Joseph Robinson led a group of Loyalist Militia to Fort Ninety-Six and threatened to attack if the military stories were not returned. In order to avoid a fight, Mayson turned the military stores — except for two cannons — over to Robinson, who returned them to Fort Charlotte.
Five days later, with the help of Moses Kirkland and rising support for the Loyalists in the Backcountry, Loyalists took control of Fort Ninety-Six.
Patriots Send William Henry Drayton to Ninety-Six
On July 23, the Patriots sent William Henry Drayton, Reverend William Tenant, and Reverend Oliver Hart to Ninety-Six to negotiate with the Loyalist leaders and “settle all political disputes between the people.” Drayton had permission to use force, if necessary, and arrest Loyalist leaders.
Drayton had the authority to use force if necessary and arrest the Loyalist leaders. He drafted a plan of attack and sent it to Charleston, under the assumption he would be able to march on Fletchall’s location and simply remove the Loyalists with minimal conflict.
Fletchall and the Loyalists found out about Drayton’s plan and marched on Ninety-Six.

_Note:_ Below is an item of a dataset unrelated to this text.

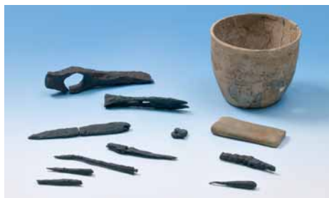
Gravfunn frå Eide.

Dei fleste av dei 13 haugane som framleis finst, er runde, men her er også nokre avlange. Ein langhaug har skipsform, med rett avskorne stammar, markert med kantsteinar. I kvart hjørne står ein reist stein. Somme av rundhaugane er høge og dominerande, andre er lågare og lite synlege. Dei to største er 18 og 17 meter i tverrmål, den eine er flat og vid med kantkjede av stein, den andre er nære på 2 meter høg.

When the Loyalist force was four miles from Ninety-Six, Drayton and Fletchall agreed to hold a conference.
September 15 — Patriots Seize Fort Johnson
On September 15, Patriot Militia forces took control of Fort Johnson, overlooking Charleston Harbor. In response, Governor William Campbell dissolved the South Carolina Legislature and fled the city, taking up residence on the HSM Tamar in the harbor. In his absence, the Provincial Congress took control of the city and started strengthening defenses, in anticipation of a British attack.
September 16 — An Uneasy Peace Between Patriots and Loyalists
On September 16, the two sides agreed to a truce, which maintained the peace and avoided the breakout of a civil war in the Backcountry. The Loyalists agreed they would not join any British force that might invade the colony and take up arms against the Patriots. The Patriots agreed to respect the rights and property of the Loyalists that rejected The Association.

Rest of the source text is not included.